Book: The Biology of Accelerated Aging, Cancer & Optimal Longevity

For millennia, the aging process has been considered to be uncontrollable, even when the average lifespan did not surpass 40 years, which was just a little over 100 years ago. That changed with Professor Elizabeth Blackburn’s discovery of the telomerase gene. (Source) Furthermore, in the early nineties, research on C. elegans, (a tiny nematode worm) confirmed that a single gene mutation extended its life, and that another mutation blocked that extension. (Source)

The idea that age could be tweaked by twiddling a few control genetic switches ignited a research and investment boom. As more geroscientists and biogerontologists  got better motivated to attempt to break and hack the Longevity Code, new findings started to reveal key biological clocks that epigenically switched on and off longevity genes.

In this perspective, various clinical interventions did increase the worm’s lifespan by a factor of ten and those of lab mice by a factor of two. (Source) Thereafter, telomeres of skin cells were tweaked to lengthen the new unprecedented levels, thanks to a new Lab procedure fine-tuned by Stanford university School of Medicine scientists. These cells were able to divide up to 40 more times more than untreated cells, which means that human somatic cells have been empirically shown to surpass the Hayflick limit and potentially extend their lifespan 40 times more than before. “Skin cells with telomeres lengthened by the procedure were able to divide up to 40 more times than untreated cells”. (Source)

In light of these above-mentioned experimentations, we thus have some limited evidence that we may have in us the regenerative potential to live 40 times more than the Hayflick limit. The Hayflick limit  has been determined to be in between 50 to 70 cellular divisions. After this limit, somatic cells either die or transition into a senescent cell. Seventy divisions are roughly 120 years. Therefore, if we were able to tweak human somatic cells to divide 40 times more than today’s cellular limit, we could potentially live close to 5000 years.  40 times 120 years = 4800 years.

The scientific consensus that human lifespan potential was a little after 100 years old thus transformed almost overnight. The perception of the Aging process went from a few decades of endless struggling to survive to a Darwinian reproduction of the human species that could defer death to 142 years for starts (Cf 2015: Time “This Baby Could Live to Be 142 Years Old”).  Before these discoveries, Time Magazine’s cover in 1958 was: “Growing Old Usefully”), followed by a social issue (Time, 1970: “Growing Old in America: The Unwanted Generation”) to this  “je ne sais quoi” phenomenon (1996: “Forever Young”)

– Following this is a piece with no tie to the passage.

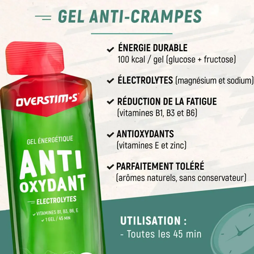 Le gel énergétique Overstims répond au nom d’Antioxydant 34 g et se distingue par une composition étudiée pour accompagner l’effort physique. Proposé dans un format de 34 g, ce produit offre une expérience gustative à la pomme verte. Ce gel peut s’avérer utile dès le début de l’activité et à intervalle régulier, toutes les 45 minutes, et dispose de la possibilité d’être dilué.

However, the excitement was not long lasting. Successfully tweaking genes in a Petri dish does not necessarily translate into in vivo genetic expressions of supercentenarian lifespan. It was soon discovered that the telomerase enzyme gene was not the central longevity engine anti-aging experts had hoped for. The Longevity Code cook-book is far more complex for mammals and even more so for humans than for a C. Elegans worm, fly, mouse, naked mole, elephant, shark, turtle or even the bat (who has an exceptionally long lifespan).

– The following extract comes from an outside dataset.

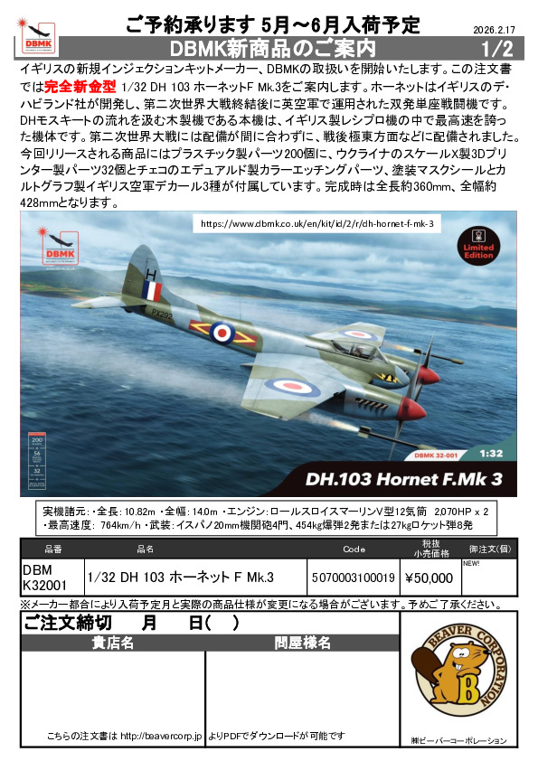 DBMK新商品ご案内 1/32 DH 103 ホーネット F Mk.3 2026.02.17

Hence, the book’s author, Pr. Joubert, prefers to focus on the known “Optimal Longevity” fundamentals that work to at least 122 years of age while simultaneously exploring the best of bio-tech longevity engineering stratagems, many of which are still in the early phases of clinical trials.

As we will see, there are many dozens of ongoing drugs and supplements that are already being used in today’s anti-aging and baby-boomer communities, from telomerase activators and senescent cell removal, (senolytics) to autophagy inducers, caloric restriction mimickers, blood donor plasma transfer, nano-robots, mTOR drugs like rapamycin, gene editing, NAD enhancers, AMPK activators, stem cell boosters, cyro-preservation, sirtuin-activating molecules, and, among others, insulin-modulating drugs like  metformin, which are not without side effects.

Pending the final demonstration that these above-mentioned bio-tech longevity hacks may be proven safe, effective and accessible, we have today the knowledge that clinical pearls from Tradition as well as innovative holistic and lifestyle tools can significantly help to rejuvenate, repair and restore most metabolically impaired tissues to around 100 years. Furthermore, thanks to the author’s findings on the immune system, stem cells, DNA repair, hormonal rejuvenation and another dozen mechanisms, most humans should soon be able to reach the supercentenarian age in good shape, 110 years and beyond, without most of the chronic diseases that plague today’s elderly, including Alzheimer’s disease, diabetes, most auto-immune diseases, cardiovascular disorders and cancer.